** Task item **
Each line of the data below between the one containing "为加强盐城市消防救援支队灭火" and the one containing "number)的高頻倍頻可以發生, 偶數倍(even number)的倍頻共振在石英晶體共振子是不會存在的(圖).", both included, is to be repeated exactly. Please omit pictures.

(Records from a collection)

= Beginning of Section =

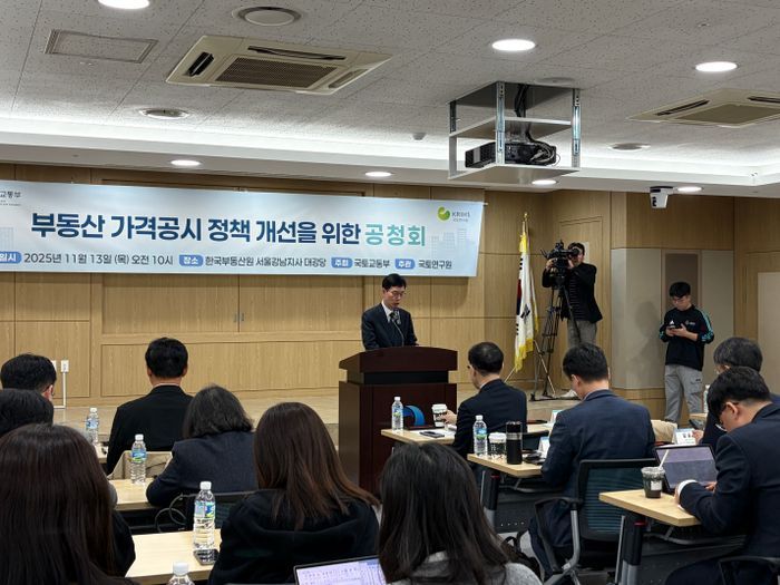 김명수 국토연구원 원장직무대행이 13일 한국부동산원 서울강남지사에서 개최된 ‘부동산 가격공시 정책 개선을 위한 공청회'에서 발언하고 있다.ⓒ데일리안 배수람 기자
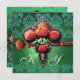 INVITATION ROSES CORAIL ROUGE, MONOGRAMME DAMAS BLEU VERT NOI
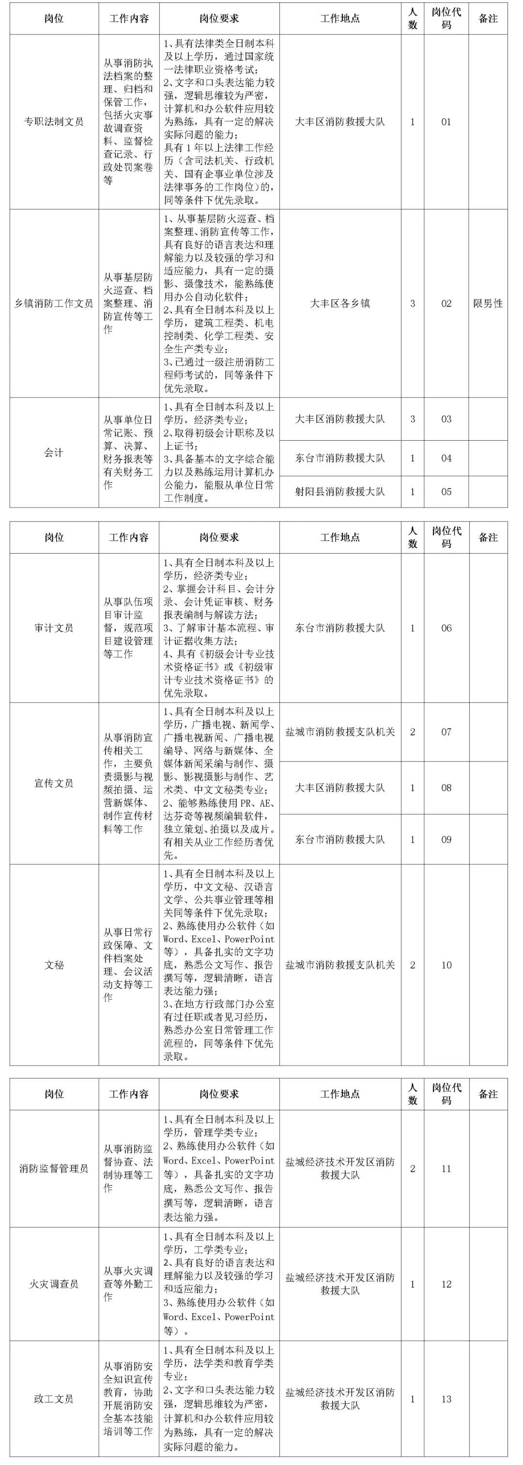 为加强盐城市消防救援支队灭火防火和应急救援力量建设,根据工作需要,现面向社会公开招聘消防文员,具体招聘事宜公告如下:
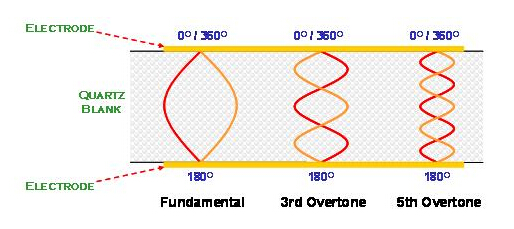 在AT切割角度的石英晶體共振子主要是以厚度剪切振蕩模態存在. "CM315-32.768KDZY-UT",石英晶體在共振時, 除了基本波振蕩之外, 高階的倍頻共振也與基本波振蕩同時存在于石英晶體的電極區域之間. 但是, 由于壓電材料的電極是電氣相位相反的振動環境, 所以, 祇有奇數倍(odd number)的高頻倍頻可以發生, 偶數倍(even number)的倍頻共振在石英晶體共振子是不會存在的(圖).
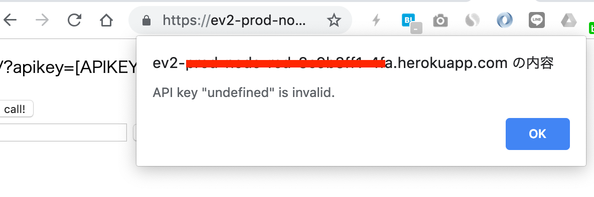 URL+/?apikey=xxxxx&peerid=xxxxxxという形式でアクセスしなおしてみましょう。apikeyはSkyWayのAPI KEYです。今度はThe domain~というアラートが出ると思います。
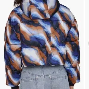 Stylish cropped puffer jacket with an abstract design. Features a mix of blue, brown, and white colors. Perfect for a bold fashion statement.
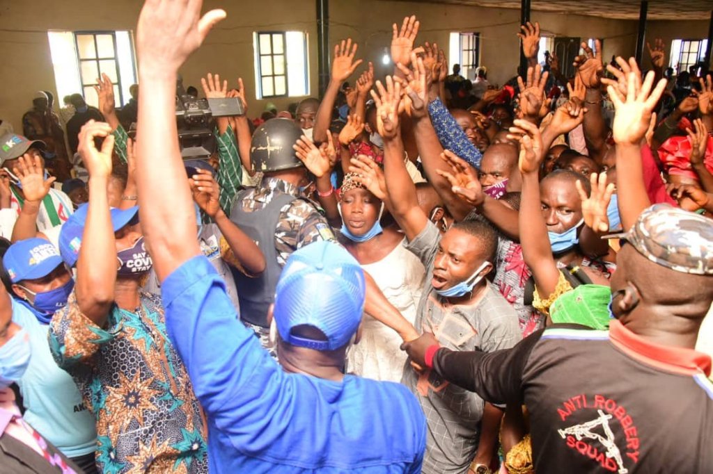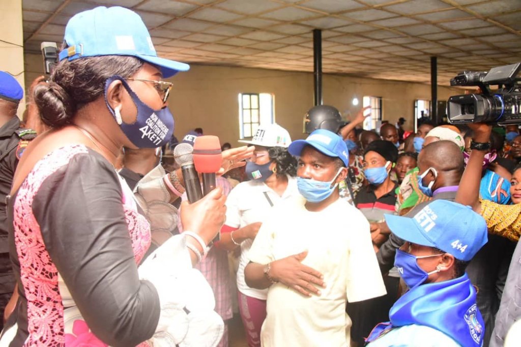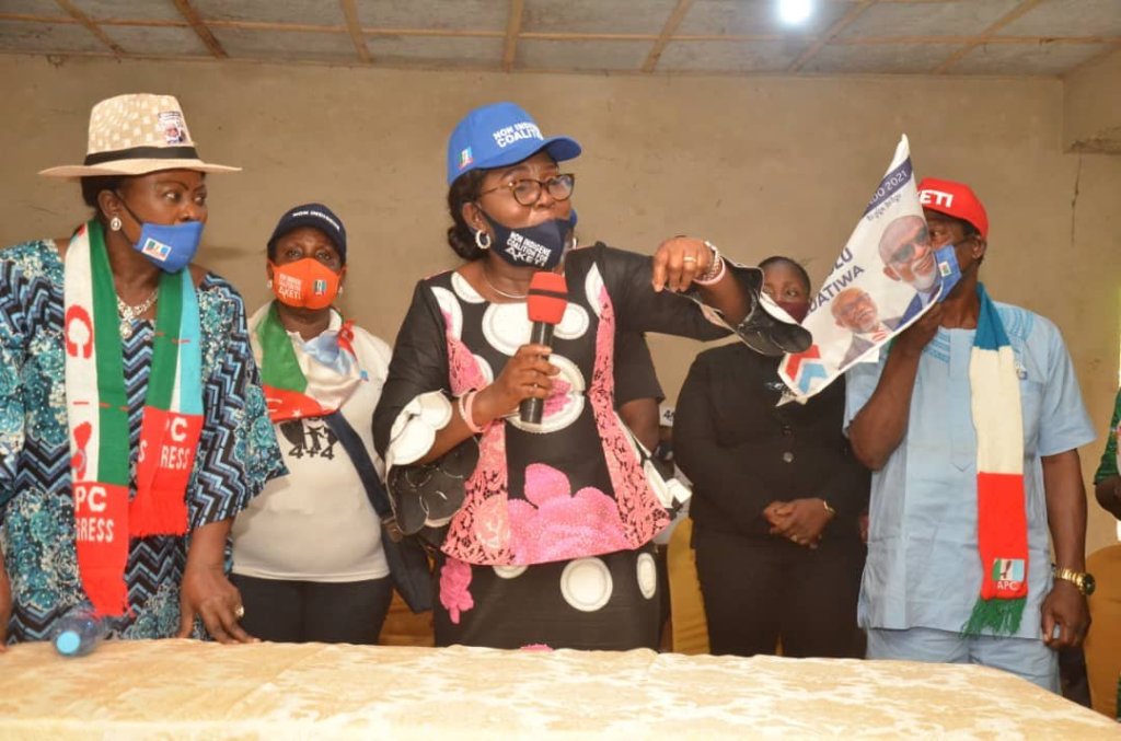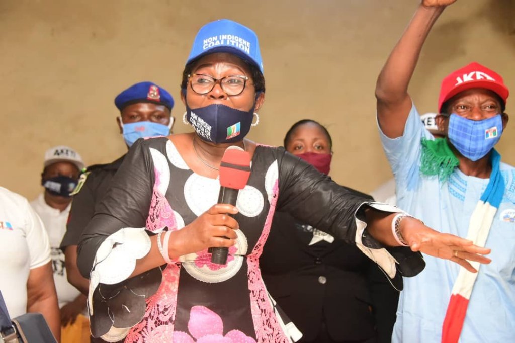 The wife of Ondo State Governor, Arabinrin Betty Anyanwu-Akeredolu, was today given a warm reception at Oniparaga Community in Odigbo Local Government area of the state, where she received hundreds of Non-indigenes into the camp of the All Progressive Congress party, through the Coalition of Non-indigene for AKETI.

= End of Section =

** Your response **
 为加强盐城市消防救援支队灭火防火和应急救援力量建设,根据工作需要,现面向社会公开招聘消防文员,具体招聘事宜公告如下:
 在AT切割角度的石英晶體共振子主要是以厚度剪切振蕩模態存在. "CM315-32.768KDZY-UT",石英晶體在共振時, 除了基本波振蕩之外, 高階的倍頻共振也與基本波振蕩同時存在于石英晶體的電極區域之間. 但是, 由于壓電材料的電極是電氣相位相反的振動環境, 所以, 祇有奇數倍(odd number)的高頻倍頻可以發生, 偶數倍(even number)的倍頻共振在石英晶體共振子是不會存在的(圖).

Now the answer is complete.